:: Task statement ::
Compute how many lines in the entries below contain "that", and output nothing but the number.

:: The input ::
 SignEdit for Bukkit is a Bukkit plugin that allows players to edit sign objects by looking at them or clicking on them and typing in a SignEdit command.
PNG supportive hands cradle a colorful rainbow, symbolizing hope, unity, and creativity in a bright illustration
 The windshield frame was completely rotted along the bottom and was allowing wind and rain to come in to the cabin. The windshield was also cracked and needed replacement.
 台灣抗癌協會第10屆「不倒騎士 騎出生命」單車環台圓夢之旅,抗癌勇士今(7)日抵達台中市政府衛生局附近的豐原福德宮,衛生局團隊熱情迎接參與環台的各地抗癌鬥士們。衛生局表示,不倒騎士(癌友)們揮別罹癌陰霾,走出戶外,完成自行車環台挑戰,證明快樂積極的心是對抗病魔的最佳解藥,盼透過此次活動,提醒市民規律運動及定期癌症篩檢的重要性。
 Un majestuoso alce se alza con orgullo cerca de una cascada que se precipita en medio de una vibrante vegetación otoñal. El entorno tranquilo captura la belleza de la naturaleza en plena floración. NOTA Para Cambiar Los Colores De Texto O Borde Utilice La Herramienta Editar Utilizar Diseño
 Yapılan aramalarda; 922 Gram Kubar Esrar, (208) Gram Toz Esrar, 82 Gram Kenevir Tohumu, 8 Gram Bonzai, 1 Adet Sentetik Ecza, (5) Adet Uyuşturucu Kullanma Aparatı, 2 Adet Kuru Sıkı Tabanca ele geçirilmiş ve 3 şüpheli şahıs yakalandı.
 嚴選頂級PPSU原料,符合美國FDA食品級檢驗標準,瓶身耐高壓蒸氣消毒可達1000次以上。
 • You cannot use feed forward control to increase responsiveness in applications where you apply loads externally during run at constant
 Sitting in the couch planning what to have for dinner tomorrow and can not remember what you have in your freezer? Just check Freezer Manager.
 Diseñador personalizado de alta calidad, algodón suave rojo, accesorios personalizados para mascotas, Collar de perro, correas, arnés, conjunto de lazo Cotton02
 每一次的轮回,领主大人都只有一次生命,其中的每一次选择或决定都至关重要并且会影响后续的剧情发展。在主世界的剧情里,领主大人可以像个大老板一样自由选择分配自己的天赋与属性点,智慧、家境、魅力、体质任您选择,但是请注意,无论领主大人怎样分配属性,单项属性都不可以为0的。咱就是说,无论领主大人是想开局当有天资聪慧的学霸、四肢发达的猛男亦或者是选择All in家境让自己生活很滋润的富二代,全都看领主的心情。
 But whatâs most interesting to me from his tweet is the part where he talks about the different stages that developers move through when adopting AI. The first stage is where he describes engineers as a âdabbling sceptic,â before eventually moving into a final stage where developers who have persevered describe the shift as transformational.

:: Expected answer ::
2